Your output should repeat the entries below exactly. It should contain no images.

» **Material provided**:
►

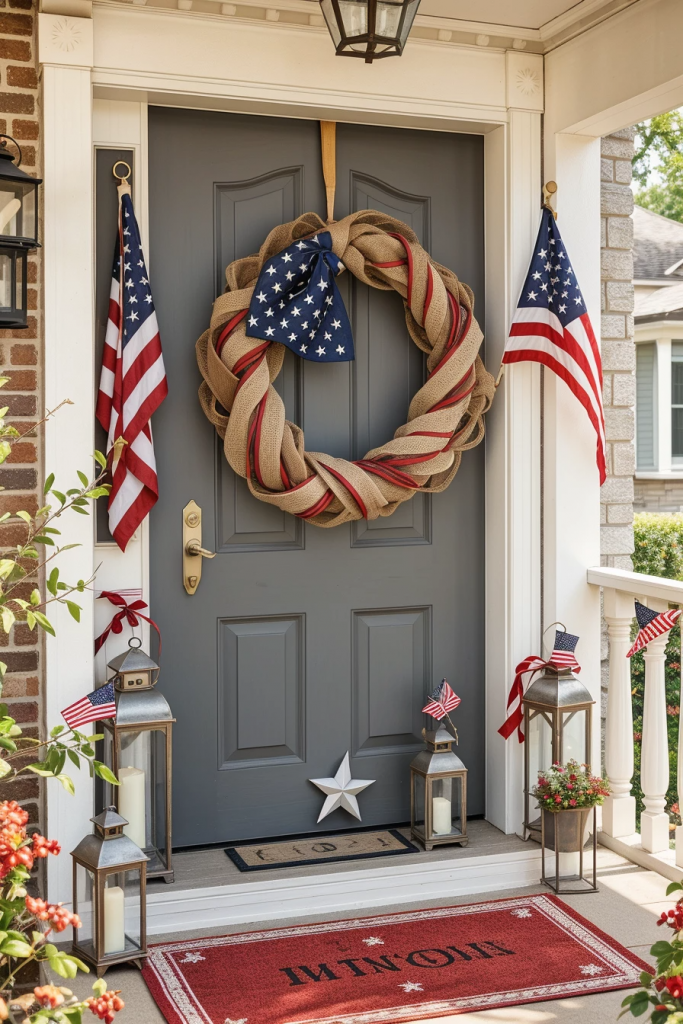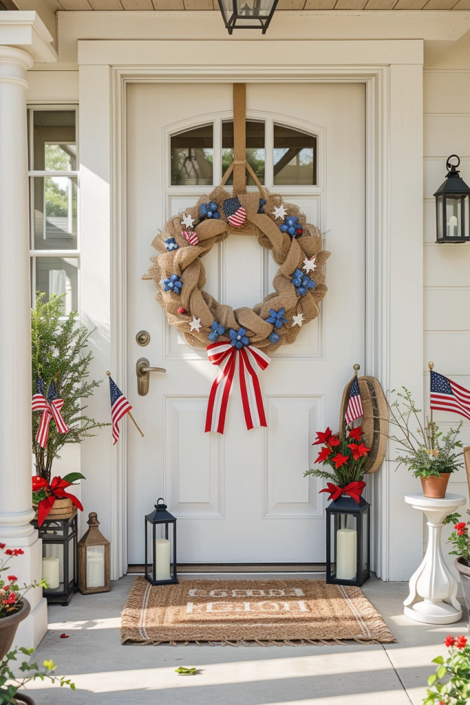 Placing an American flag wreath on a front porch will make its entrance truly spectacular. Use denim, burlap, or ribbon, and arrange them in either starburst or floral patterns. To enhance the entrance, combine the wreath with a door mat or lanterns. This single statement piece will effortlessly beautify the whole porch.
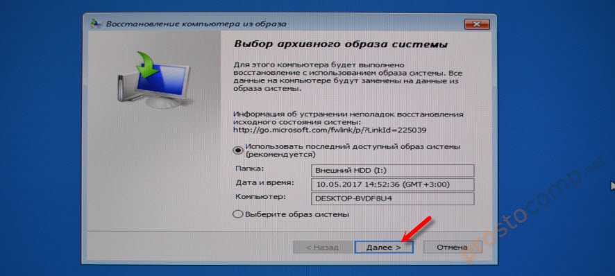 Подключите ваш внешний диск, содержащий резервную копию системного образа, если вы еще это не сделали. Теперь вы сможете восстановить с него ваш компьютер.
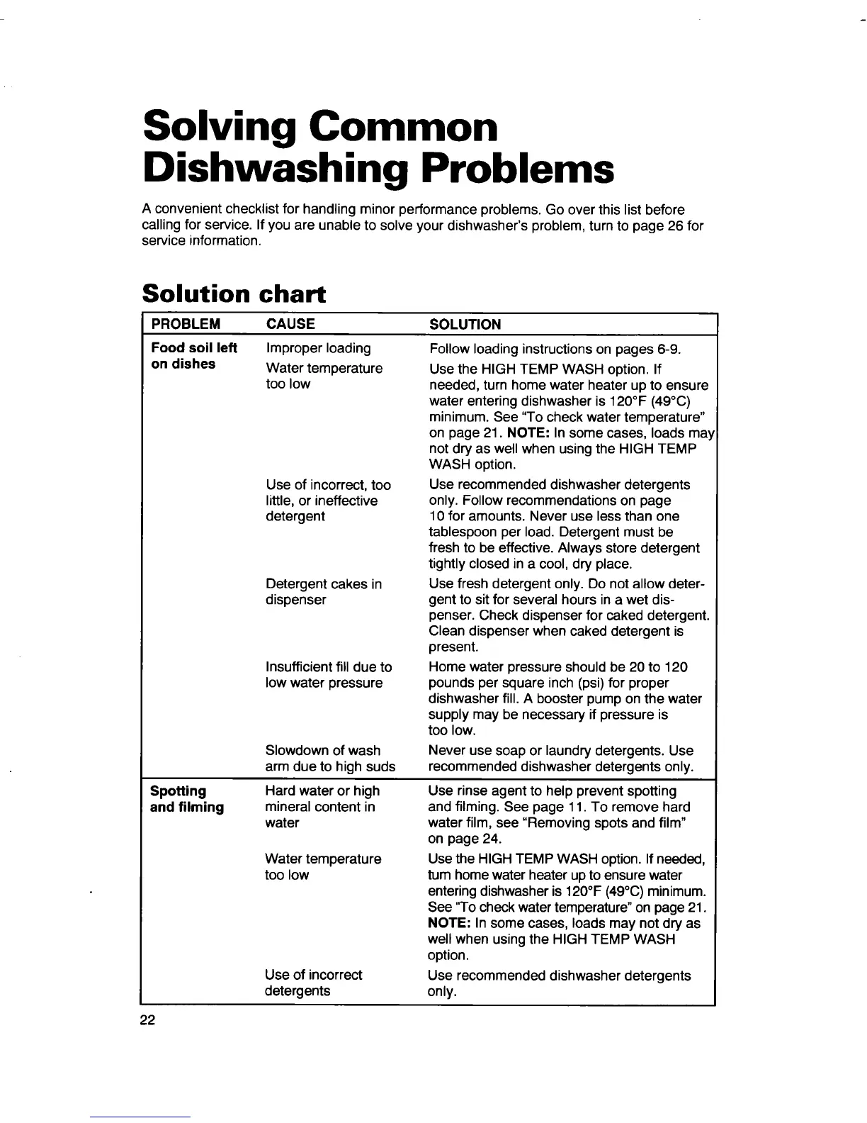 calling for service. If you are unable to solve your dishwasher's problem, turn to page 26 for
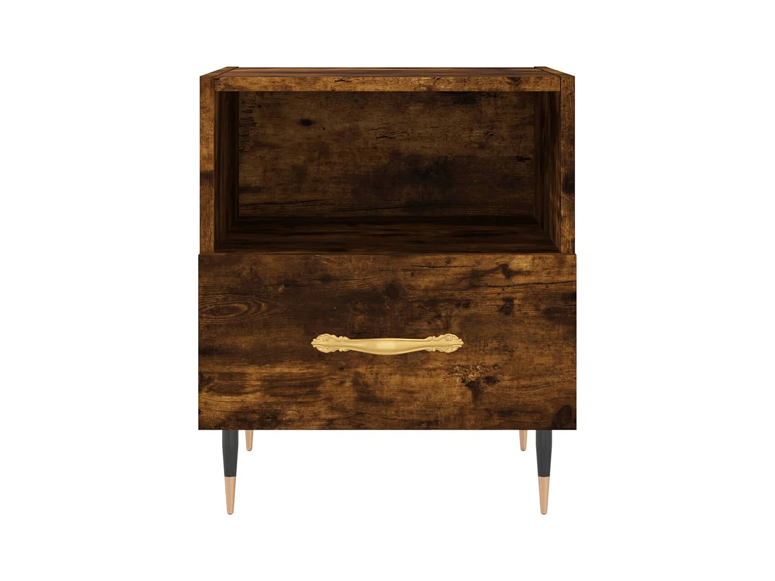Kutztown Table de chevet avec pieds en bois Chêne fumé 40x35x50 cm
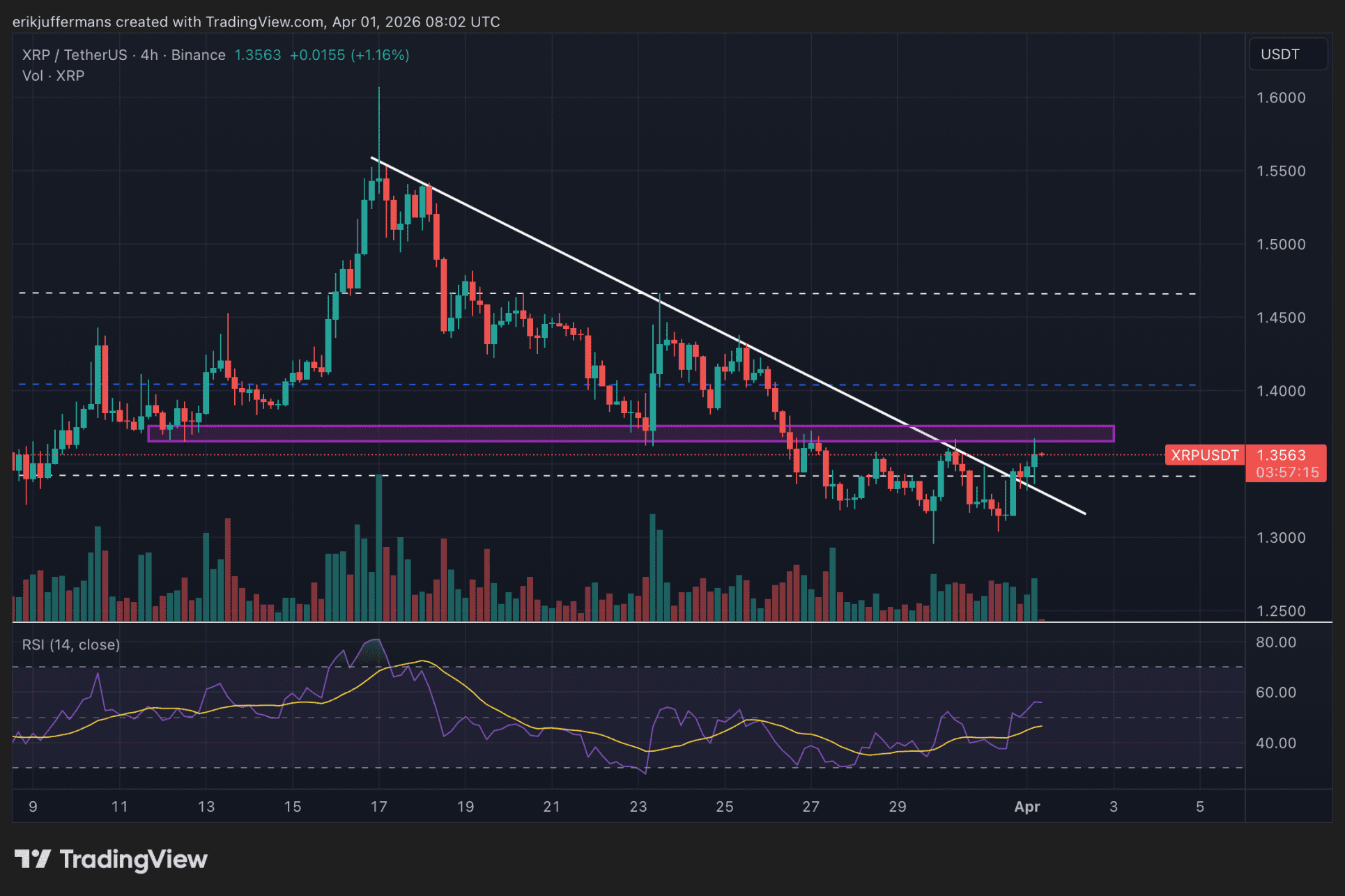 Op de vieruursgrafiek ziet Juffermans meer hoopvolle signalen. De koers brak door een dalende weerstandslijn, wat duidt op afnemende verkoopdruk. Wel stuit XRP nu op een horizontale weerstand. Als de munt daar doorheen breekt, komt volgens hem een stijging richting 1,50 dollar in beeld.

◄

» **Solution below**:
 Placing an American flag wreath on a front porch will make its entrance truly spectacular. Use denim, burlap, or ribbon, and arrange them in either starburst or floral patterns. To enhance the entrance, combine the wreath with a door mat or lanterns. This single statement piece will effortlessly beautify the whole porch.
 Подключите ваш внешний диск, содержащий резервную копию системного образа, если вы еще это не сделали. Теперь вы сможете восстановить с него ваш компьютер.
 calling for service. If you are unable to solve your dishwasher's problem, turn to page 26 for
Kutztown Table de chevet avec pieds en bois Chêne fumé 40x35x50 cm
 Op de vieruursgrafiek ziet Juffermans meer hoopvolle signalen. De koers brak door een dalende weerstandslijn, wat duidt op afnemende verkoopdruk. Wel stuit XRP nu op een horizontale weerstand. Als de munt daar doorheen breekt, komt volgens hem een stijging richting 1,50 dollar in beeld.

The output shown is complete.